__Records for processing__:

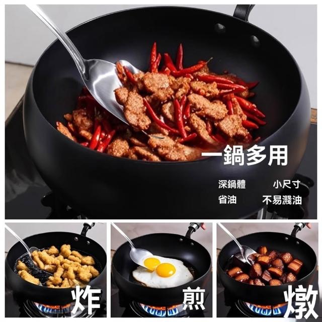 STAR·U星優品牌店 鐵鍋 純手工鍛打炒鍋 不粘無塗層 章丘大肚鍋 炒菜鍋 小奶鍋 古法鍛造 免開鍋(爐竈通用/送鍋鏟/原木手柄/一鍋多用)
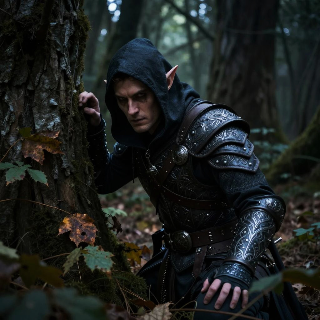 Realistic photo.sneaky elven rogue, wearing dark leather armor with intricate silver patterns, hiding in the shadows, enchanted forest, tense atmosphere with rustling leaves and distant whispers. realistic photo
* * *
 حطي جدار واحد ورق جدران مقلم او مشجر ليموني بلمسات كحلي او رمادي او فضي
...
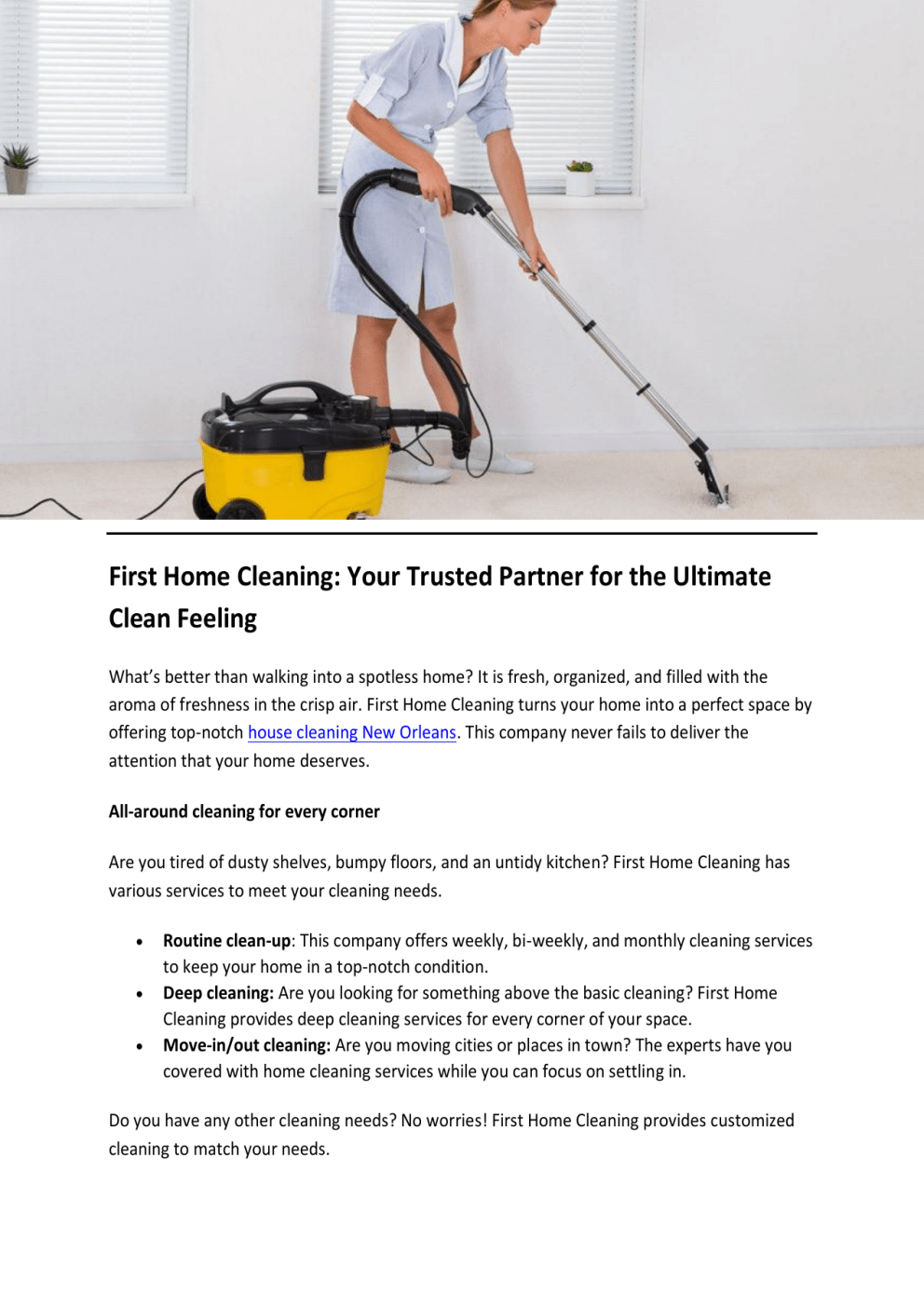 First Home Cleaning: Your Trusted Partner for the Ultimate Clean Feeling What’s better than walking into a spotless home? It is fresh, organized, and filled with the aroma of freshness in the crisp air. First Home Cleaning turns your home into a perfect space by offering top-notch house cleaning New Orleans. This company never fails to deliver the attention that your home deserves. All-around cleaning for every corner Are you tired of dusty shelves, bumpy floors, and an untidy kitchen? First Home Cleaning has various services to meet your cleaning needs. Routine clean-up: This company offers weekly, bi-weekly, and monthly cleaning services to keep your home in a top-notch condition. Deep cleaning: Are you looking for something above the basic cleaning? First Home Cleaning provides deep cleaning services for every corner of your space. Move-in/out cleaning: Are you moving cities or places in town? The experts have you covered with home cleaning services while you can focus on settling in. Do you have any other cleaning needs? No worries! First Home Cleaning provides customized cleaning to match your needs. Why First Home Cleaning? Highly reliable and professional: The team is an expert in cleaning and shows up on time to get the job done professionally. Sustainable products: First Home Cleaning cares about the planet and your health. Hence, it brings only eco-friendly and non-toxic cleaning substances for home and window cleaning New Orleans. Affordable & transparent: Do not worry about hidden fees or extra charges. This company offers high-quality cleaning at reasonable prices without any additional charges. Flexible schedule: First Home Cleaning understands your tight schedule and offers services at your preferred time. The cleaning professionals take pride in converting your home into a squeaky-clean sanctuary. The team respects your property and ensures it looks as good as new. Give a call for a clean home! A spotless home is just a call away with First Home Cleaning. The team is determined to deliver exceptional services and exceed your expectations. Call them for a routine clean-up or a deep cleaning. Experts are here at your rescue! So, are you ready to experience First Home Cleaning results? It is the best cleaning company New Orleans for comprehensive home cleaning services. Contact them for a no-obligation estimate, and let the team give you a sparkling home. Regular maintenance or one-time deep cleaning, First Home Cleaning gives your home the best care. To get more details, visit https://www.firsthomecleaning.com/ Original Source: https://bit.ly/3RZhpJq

__What to do__:
Between and including the line with "STAR·U星優品牌店 鐵鍋 純手工鍛打炒鍋" and the line with "Realistic photo.sneaky elven", repeat every line exactly as it appears above, with pictures left out.

__Task answer__:
 STAR·U星優品牌店 鐵鍋 純手工鍛打炒鍋 不粘無塗層 章丘大肚鍋 炒菜鍋 小奶鍋 古法鍛造 免開鍋(爐竈通用/送鍋鏟/原木手柄/一鍋多用)
 Realistic photo.sneaky elven rogue, wearing dark leather armor with intricate silver patterns, hiding in the shadows, enchanted forest, tense atmosphere with rustling leaves and distant whispers. realistic photo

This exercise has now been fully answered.